[Materials provided Boundary: Start]

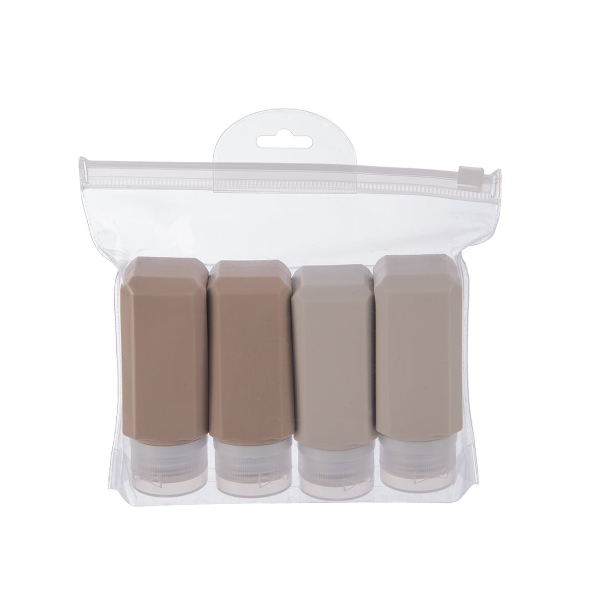 Kód produktu 851325Praktická sada 4 kusov silikónových fľaštičiek s plastovým odklápacím viečkom je určená na uloženie umývacích gélov, šampónov, krémov, tekutého mydla a pod., určených na cestovanie. Majú objem 90 ml a sú uložené v uzatvárateľnom priehľadnom puzdre.
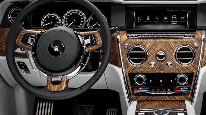 Adını kraliyet tacında yer alan mücevherden alan Cullinan, bunun hakkını vermek konusunda pek şüphe bıraktıracak bir model gibi gözükmüyor. Kullanıcılarının içeriye daha rahat erişebilmesi adına 40 milimetreye kadar otomatik olarak kendini alçaltabilen bir otomobil için bu pek de sürpriz olmasa gerek. İçeriye girdiğimiz bizleri ultra lüks deri döşeme ve bolca ahşap kaplamayla karşılayan aracın direksiyonu ailenin diğer üyelerine göre biraz daha ince bir yapıya sahip. Multimedya ekranının yanı sıra yüksek çözünürlüklü head-up display‘in de yer verildiği konsolda, “uçan kadın” dokunuşunun yer alması, sizi gerçekten köklü bir aracın içerisinde hissettirecek detaylar arasında. Arka koltuklarda iki farklı opsiyon sunduğunu açıklayan Rolls-Royce, istenilirse ortadan iki konsolla ayrılmış yapıyı, istenilirse tek standart modellerde gördüğümüz dizilimi getiriyor. Elektronik olarak ayarlanan koltuklarda ısıtma özelliğinin olduğunu da belirtmeden geçmeyelim.
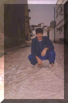 وهذا الشاب يتوسط سيل ماء المطر الذي قدم من جهة الجبل الذي ساعد على انسيابه انحدار سطح الأرض
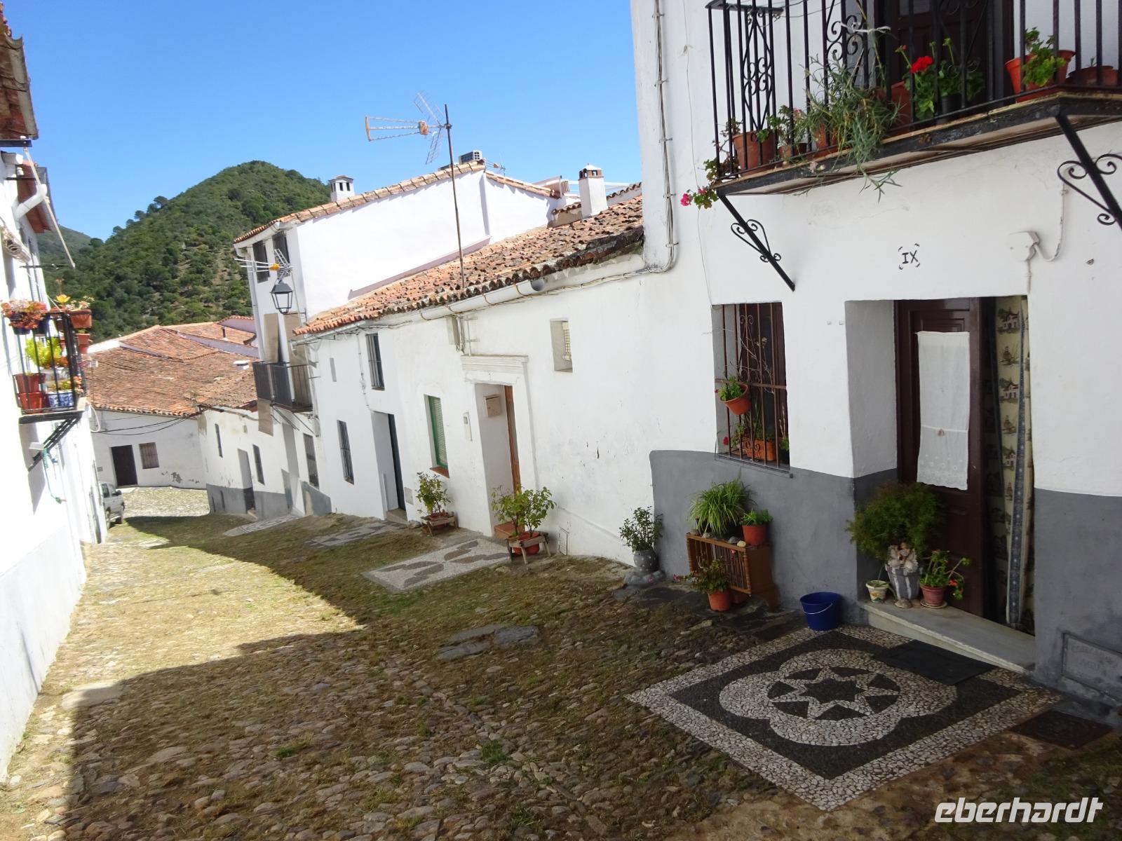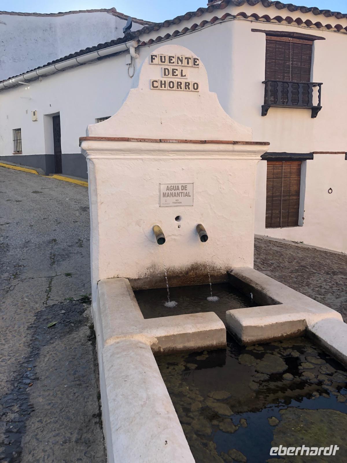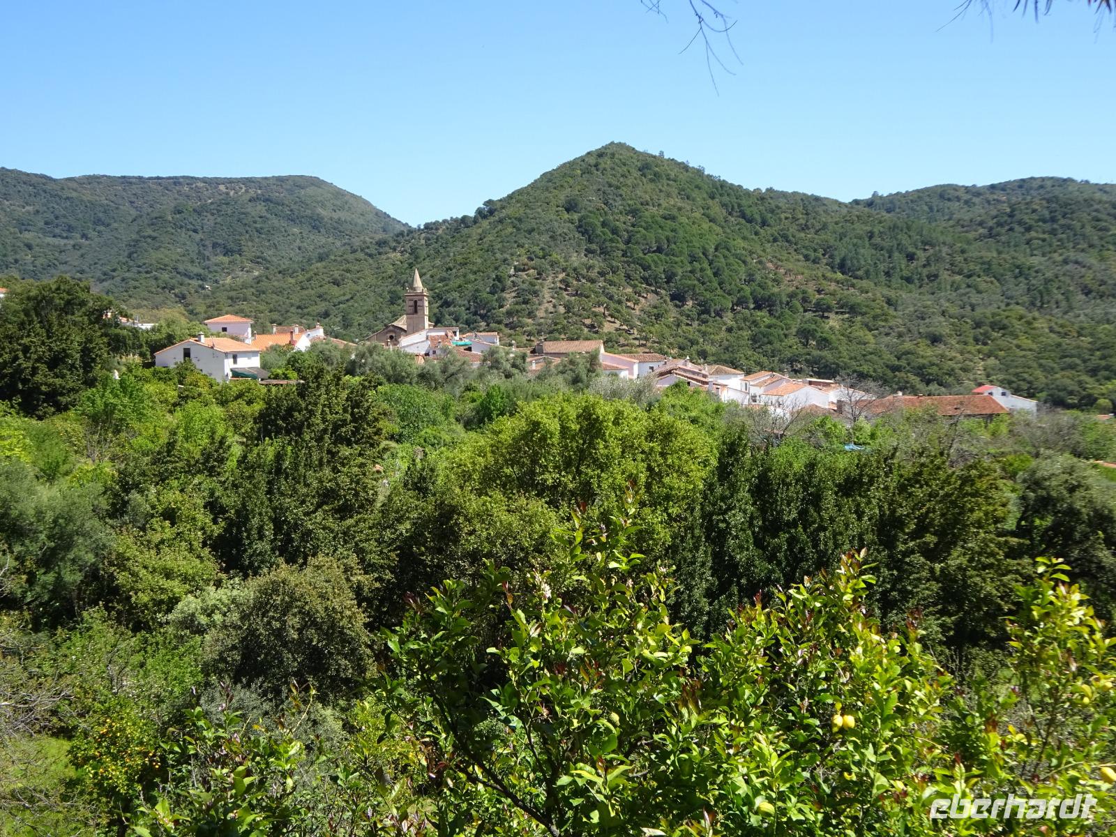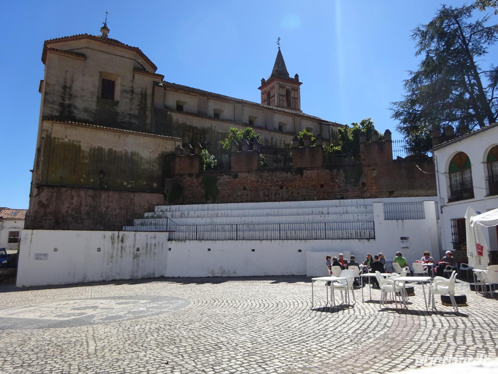Nach einer guten Steigung erreichten wir die Kapelle der Engel mit wunderschönen Ausblicken auf das Dorf Alájar, wo wir die Kirche und den Brunnen gesehen haben, bevor wir durch das Dorf liefen.
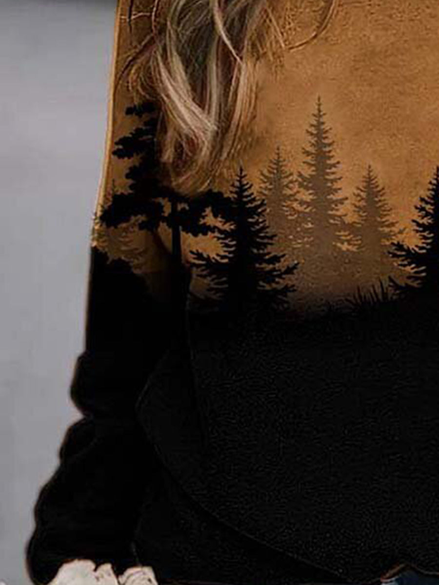Product: Forest Print Round Neck Long Sleeve Hoodies
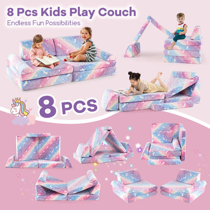 8 Pieces Modular Kids Play Couch Glow in the Dark Toddler Sectional Sofa, Multicolor
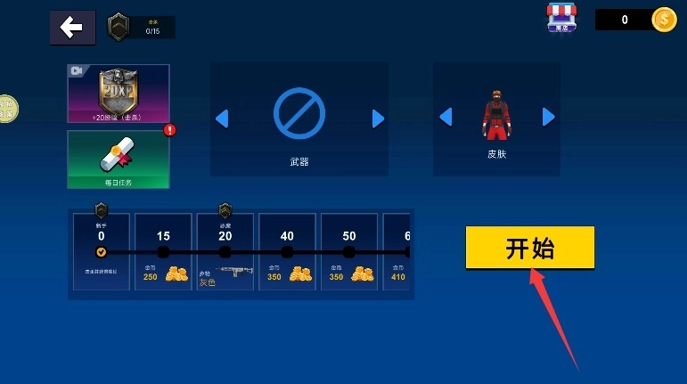 在装备界面挑选主武器与角色皮肤外观,确定好配置后点击准备按钮开启对战。
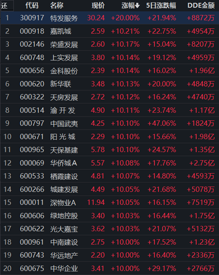 11月29日,申萬一級行業(yè)中房地產(chǎn)行業(yè)領(lǐng)漲,漲幅達7.96%,獲得40.15億元大單資金的凈流入,居資金流入行業(yè)第4位。行業(yè)中115只交易中的個股,全線上漲,其中,82只個股漲幅超5%。
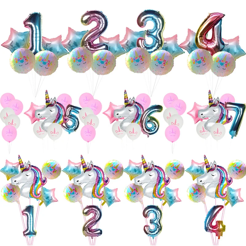 Единорог с днем рождения, вечерние воздушные шары с номером, радуга, единорог, для девочек, день рождения, воздушный шар, набор для маленьких девочек, для душа, баллон
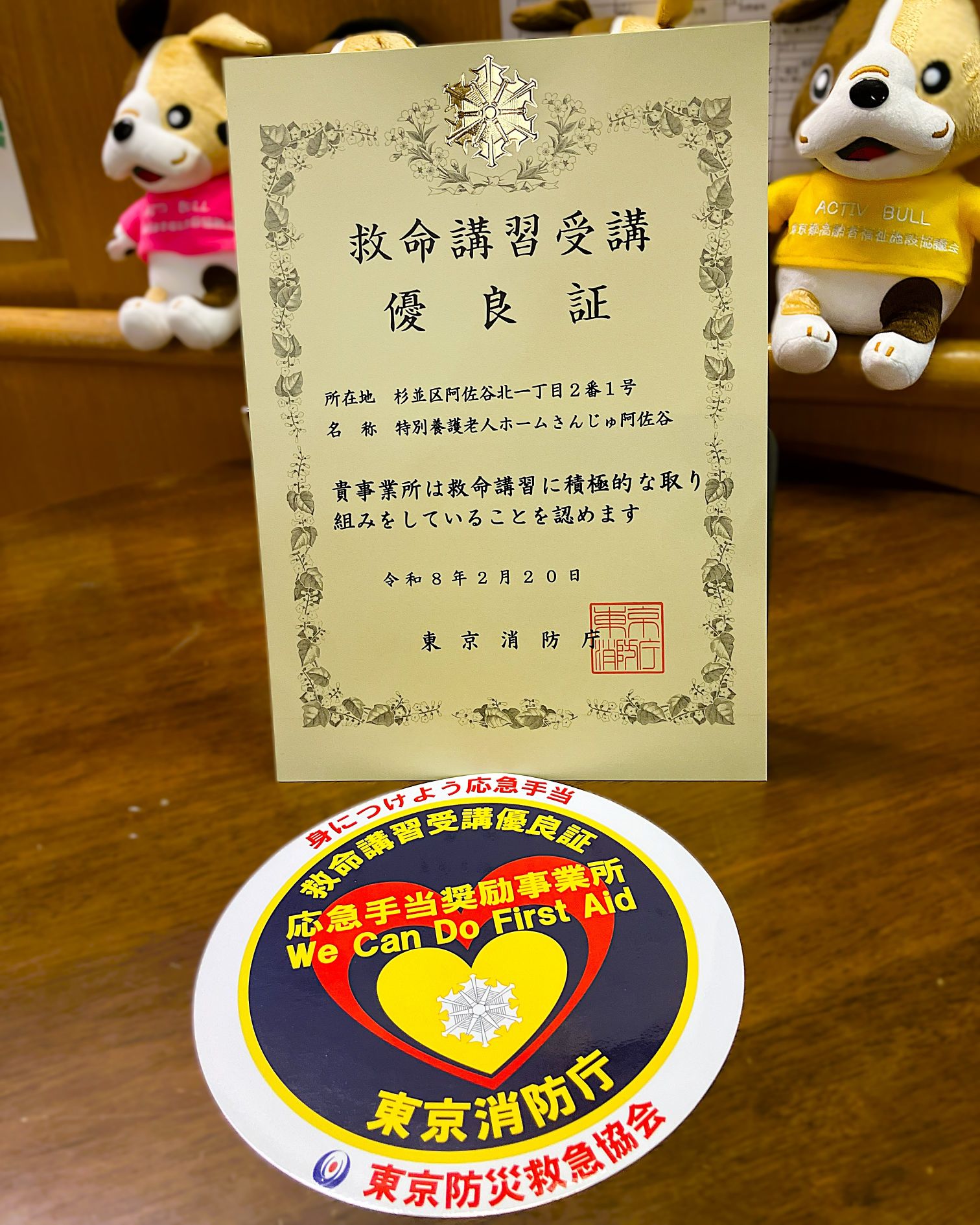 先日、東京消防庁より「救命講習受講優良証」をいただきました。
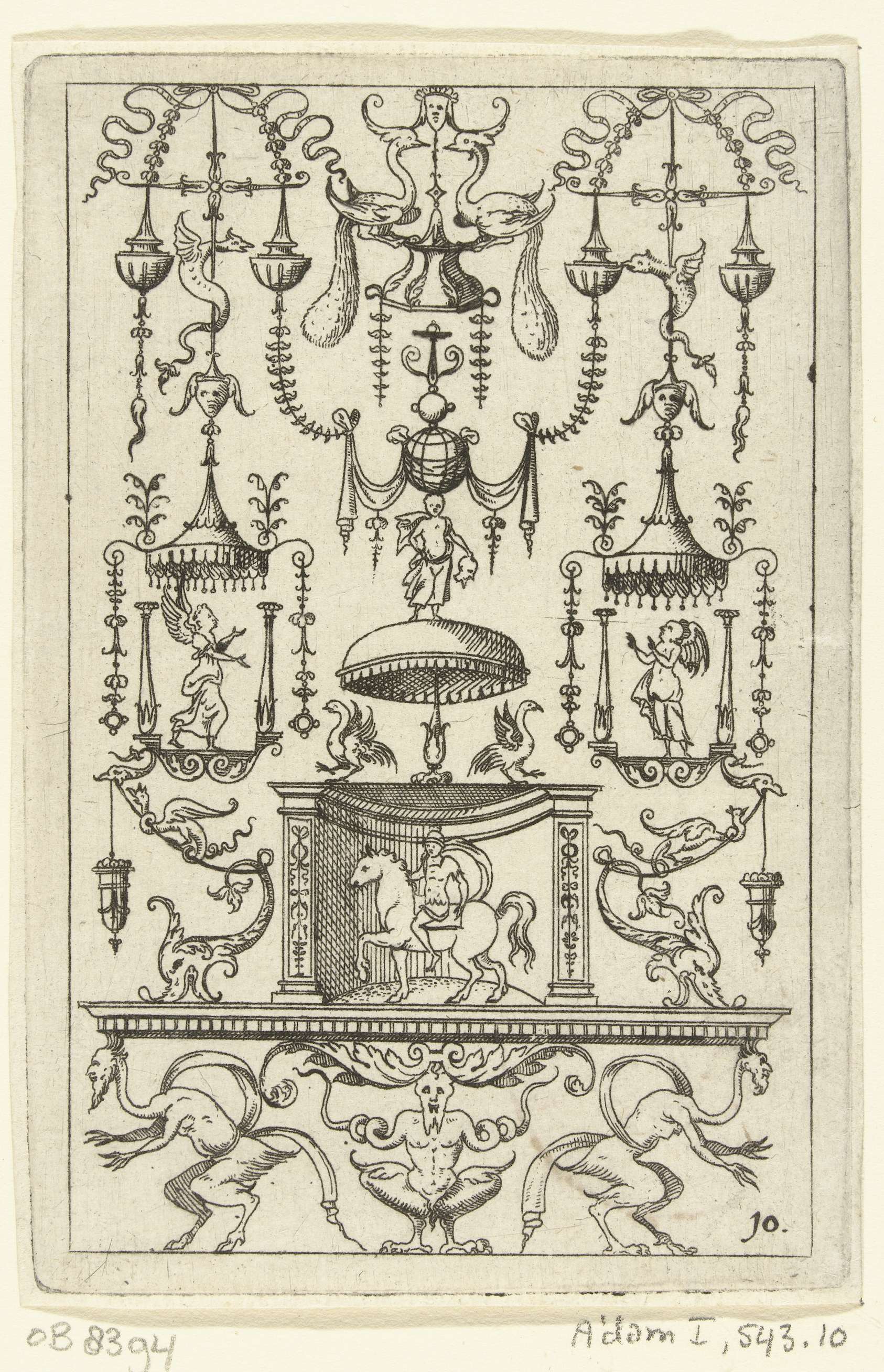 Op een tafel, gesteund door een gehurkte sater, staat een ruiter voor een nis
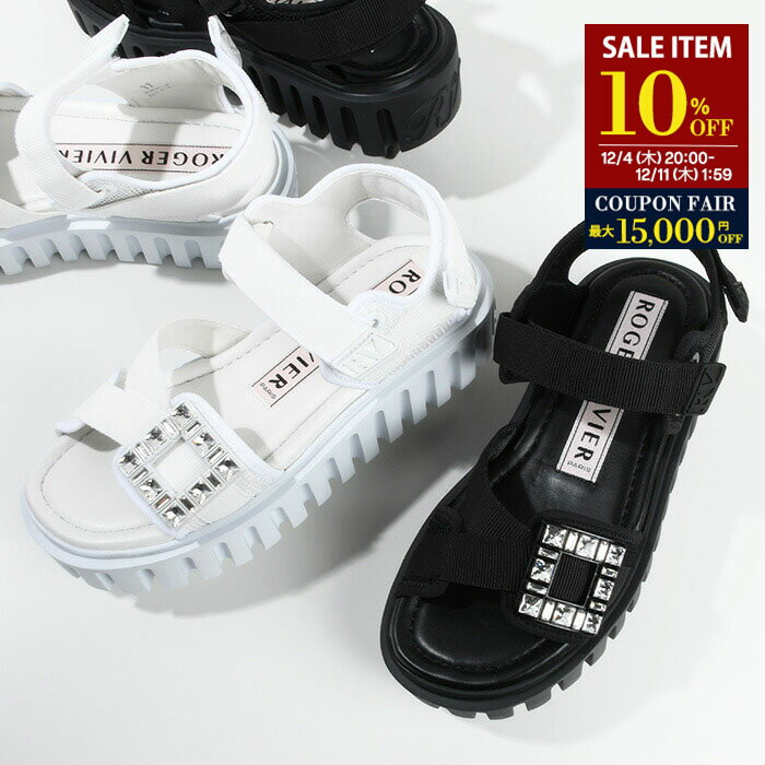 【10%OFF対象商品】Roger Vivier ロジェ ヴィヴィエ ヴィヴ ゴーシック トレッキー ストラス バックル テクニカル ファブリック サンダル RVW70637560T58 レディース ホワイト ブラック ビジュー ロゴ
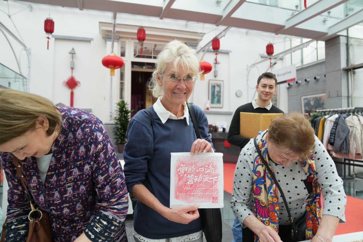 從法國巴黎到比利時布魯塞爾,傳拓體驗區(qū)人山人海。傳拓工藝可以將每一片傳統(tǒng)的“七子餅”茶量身定制成層次分明、索條清晰的獨特“身份證”,而隨著墨棒掃過,一幅幅“茶馬古道”“云騰四?!ぼ鴦犹煜隆蓖禺嬡S然紙上。引得嘉賓忍不住上手體驗,并將制作好的作品珍藏。
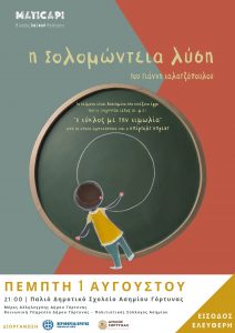 ΘΕΑΤΡΟ ΓΙΑ ΠΑΙΔΙΑ |«Η Σολομώντεια Λύση» του Γιάννη Καλατζόπουλου | Παλιό Δημοτικό Σχολείο Ασημίου Γόρτυνας |
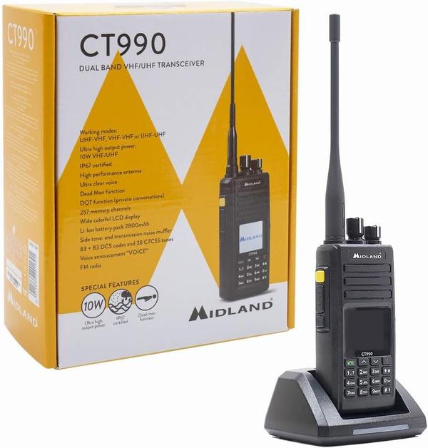 Il CT 990 è un VHF certificato IP67 che ne consente l’utilizzo in condizioni meteo estreme in quanto protetto da polvere ed acqua fino ad un metro di profondit per 30 minuti.
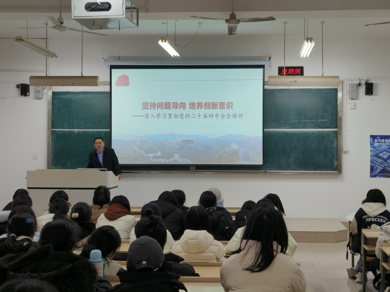 何建鹏以党的二十届四中全会精神为引领,解读“十五五”规划中“创新驱动发展”要义,强调创新是破解发展难题的“第一动力”,号召学子以问题为导向培养创新思维,将个人成长坐标锚定国家发展蓝图。
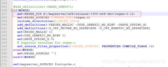 解决这个问题,有两种方法,第一种,是在cmakelist.txt给REGEX_DIR进行赋值,如图:
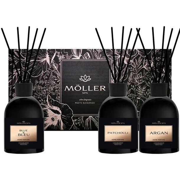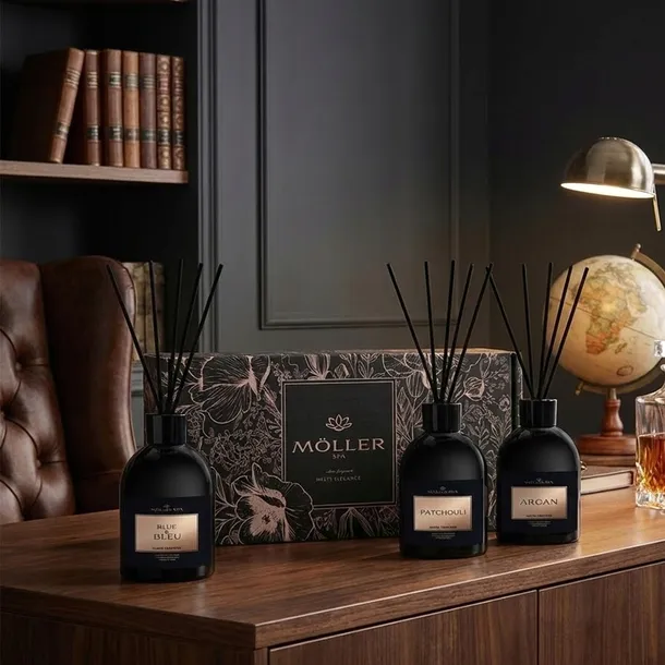 Zestaw Möller SPA to starannie skomponowany komplet dyfuzorów zapachowych, zamknięty w eleganckim ozdobnym pudełku.

[Materials provided Boundary: End]

Aim of the exercise: Retype exactly, and only, the lines from the one containing "Il CT 990 è" through the end of the records above. Pictures stay out of the copy.

Written reply:
 Il CT 990 è un VHF certificato IP67 che ne consente l’utilizzo in condizioni meteo estreme in quanto protetto da polvere ed acqua fino ad un metro di profondit per 30 minuti.
 何建鹏以党的二十届四中全会精神为引领,解读“十五五”规划中“创新驱动发展”要义,强调创新是破解发展难题的“第一动力”,号召学子以问题为导向培养创新思维,将个人成长坐标锚定国家发展蓝图。
 解决这个问题,有两种方法,第一种,是在cmakelist.txt给REGEX_DIR进行赋值,如图:
 Zestaw Möller SPA to starannie skomponowany komplet dyfuzorów zapachowych, zamknięty w eleganckim ozdobnym pudełku.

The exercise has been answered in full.